Но сначала, когда старейшины пришли к нам домой, она сыграла Рахманинова. В другой комнате. Мы с мамой прятались в кухне, папа говорил с непрошеными гостями. И чем больше они давили на папу, тем яростнее кричала Эльфи. Кричала музыкой. Она выгнала их из дома своим мастерством, своей яростью. Как Иисус выгнал менял из храма. Как Дастин Хоффман в «Соломенных псах»…
Как солнце – вампиров, сказал Радек.
Это были простые, грубые люди. Она как будто играла собранию мастодонтов. Она не…
Что именно она играла? – спросил Радек.
Прелюдию сольминор, опус двадцать три.
А что было, когда к вам пришли полицейские?
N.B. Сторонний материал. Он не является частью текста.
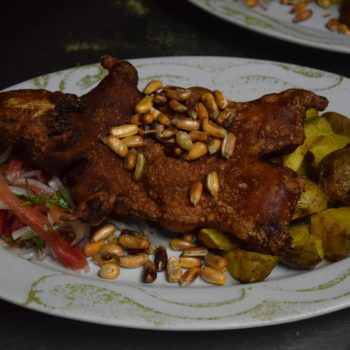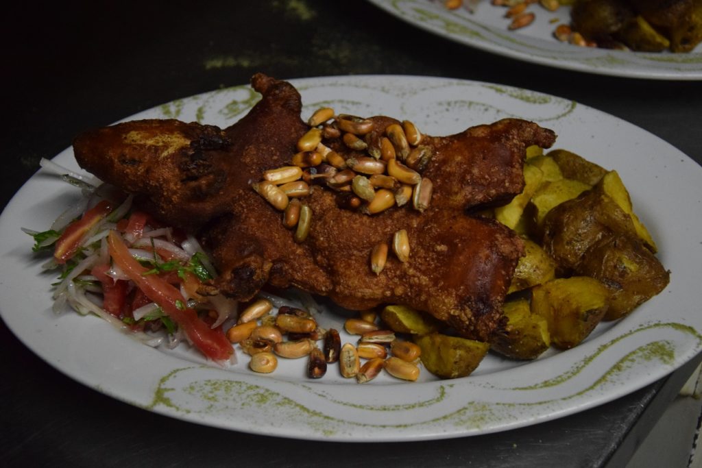 Am Ende noch ein paar Worte zur peruanische Küche, die wie schon Bolivien durch ihre verschiedenen Klimazonen und somit auch durch abwechslungsreiche Produkte besticht. Kartoffeln, Mais, Reis, Chili, Bananen, Kakao, exotische Früchte und Meeresgetier sind die Hauptzutaten der Gerichte. An Fleischgerichten muss man unbedingt die Antichuchos de Corazón (Rinderherz am Spieß), Lomo Saltado (Nationalgericht), Alpaka-Steak und das gebackene Meerschweinchen Cuy Chactado probieren. Die beiden Kartoffelgerichte Papa a la Huancaína und Causa Limeña sind ebenfalls empfehlenswerte vegetarische Gerichte.

Родители никогда бы не допустили, чтобы Эльфи забрали в колонию для несовершеннолетних или в христианский исправительный лагерь для трудных подростков. Я думаю, это были пустые угрозы, но мы все равно собрались и уехали во Фресно, в Калифорнию, чтобы скрыться от полиции. А когда мы вернулись, уже все забылось. Во Фресно у Эльфи появился парень, и, когда мы собрались возвращаться домой, он попытался уехать с нами. Спрятался в багажнике нашей машины. Но папа сразу почувствовал, что машина как-то потяжелела, проверил багажник и нашел того парня. Когда он его вытащил, они с Эльфи как будто взбесились, принялись целоваться как сумасшедшие, и папа совсем растерялся, не зная, что делать. Маме пришлось выбраться из машины и сказать Эльфи, что нам надо ехать. Я помню, как она тянула Эльфи за руку, чтобы оторвать ее от того мальчика. А когда Эльфи все-таки села в машину, рыдая в истерике, и мы поехали прочь, тот мальчик долго бежал следом за нами, пока не выбился из сил. Как бродячие псы в предместьях Ист-Виллиджа.
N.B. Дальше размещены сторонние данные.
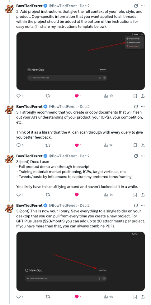 For each account, I upload relevant research and work inside a dedicated thread within the project folder.

Радек рассмеялся и спросил: У тебя есть ее фотография?
Я вынула фотографию из бумажника и показала ему. На этом снимке Эльфи была совершенно нездешней: сплошные огромные зеленые глаза и блестящие черные волосы. Правда, она похожа на инопланетянку?
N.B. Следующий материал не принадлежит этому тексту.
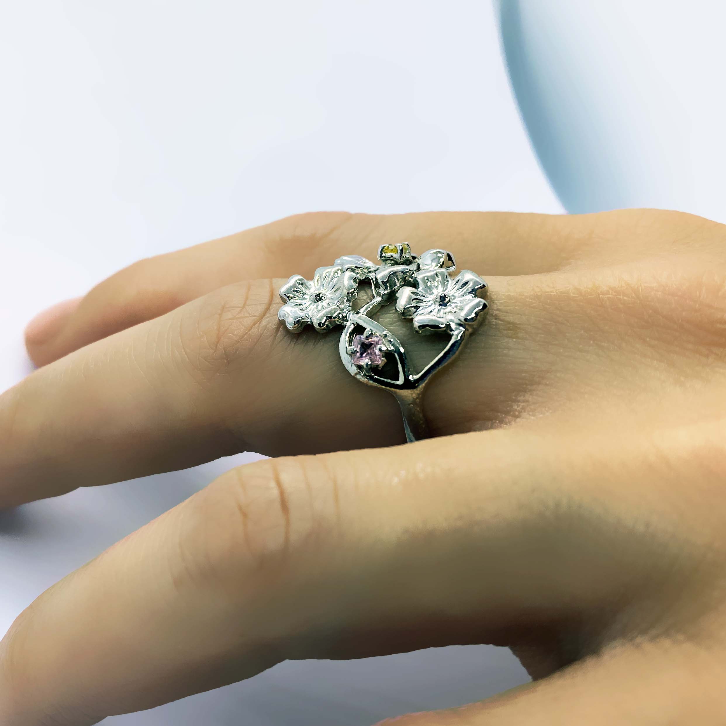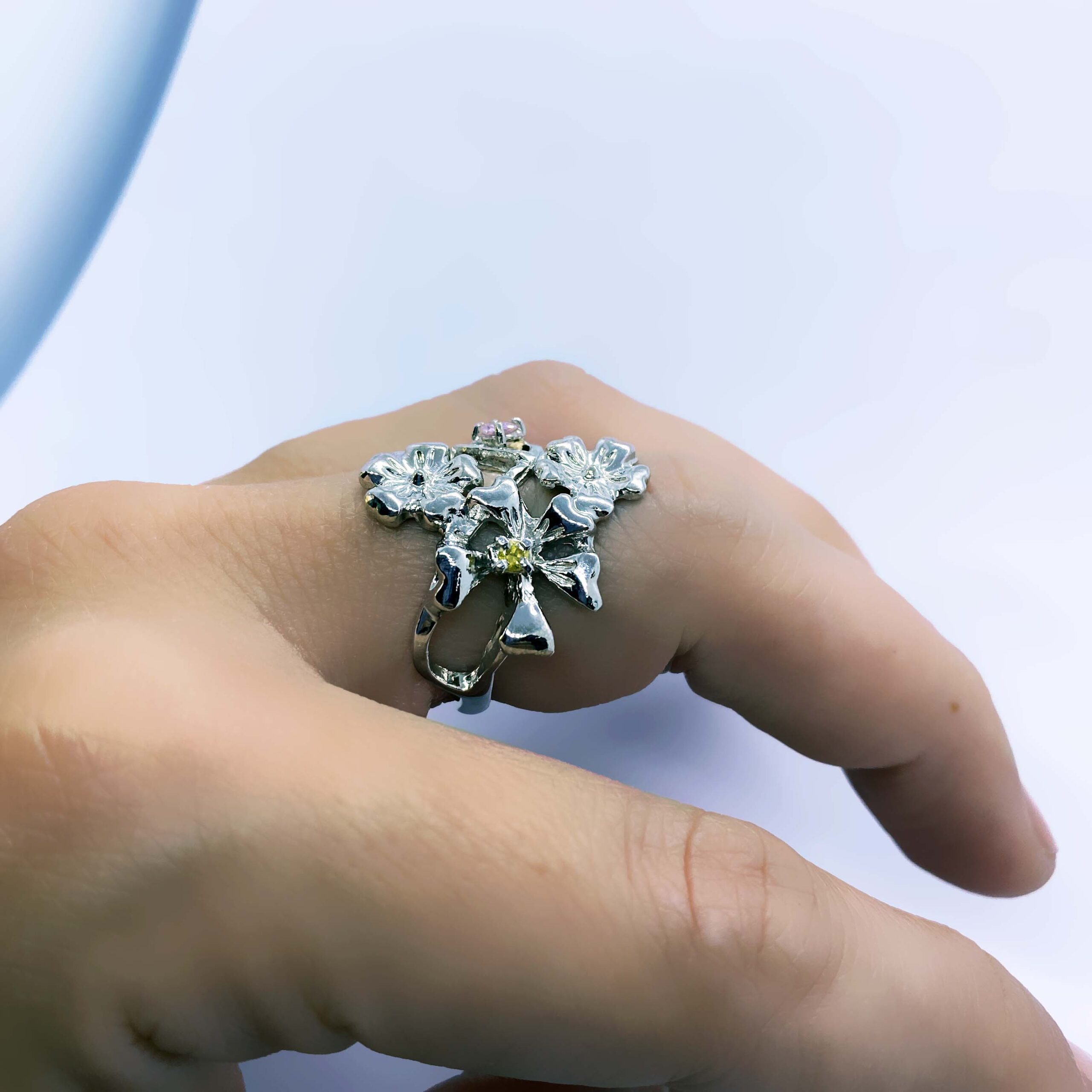 Anello fiori in argento 925, con bagno galvanico di rodio in oro bianco; con due pietre zirconia rosa e gialla, misura 14,5 (disponibile, su richiesta, in tutte le misure)

Он сказал: Она очень красивая.
Когда я впервые осталась на ужин у Радека, я сказала ему, что была верна мужу и мы вместе воспитывали детей. Радек слушал меня, улыбался, кивал, как будто ему нравились такие женщины и для себя он предпочел бы именно такую, но жизнь – сложная штука, и посмотрите, как все получилось. В последнее время я так устаю, что иногда засыпаю прямо за столом после ужина у Радека, пока он убирает посуду. Потом он берет меня на руки и несет на кровать, аккуратно меня раздевает, вешает мои джинсы на спинку стула, так чтобы баночка с бальзамом для губ не выпала из кармана и не закатилась в пыль под кроватью, накрывает моей рубашкой настольную лампу, чтобы создать интересный приглушенный свет, и очень бережно, очень нежно занимается со мной любовью. Именно так моя бабушка говорила о дедушке, когда я однажды спросила, каким он был мужем. Очень бережным, очень нежным. Таким был и Радек, и я совершенно не представляю, что еще о нем можно сказать. Когда Радек кончает, он произносит какое-то слово по-чешски. Очень тихо, всего одно слово. Мне нравится трогать кончики его пальцев в твердых мозолях от скрипичных струн, которые он зажимает по пять-шесть часов в день.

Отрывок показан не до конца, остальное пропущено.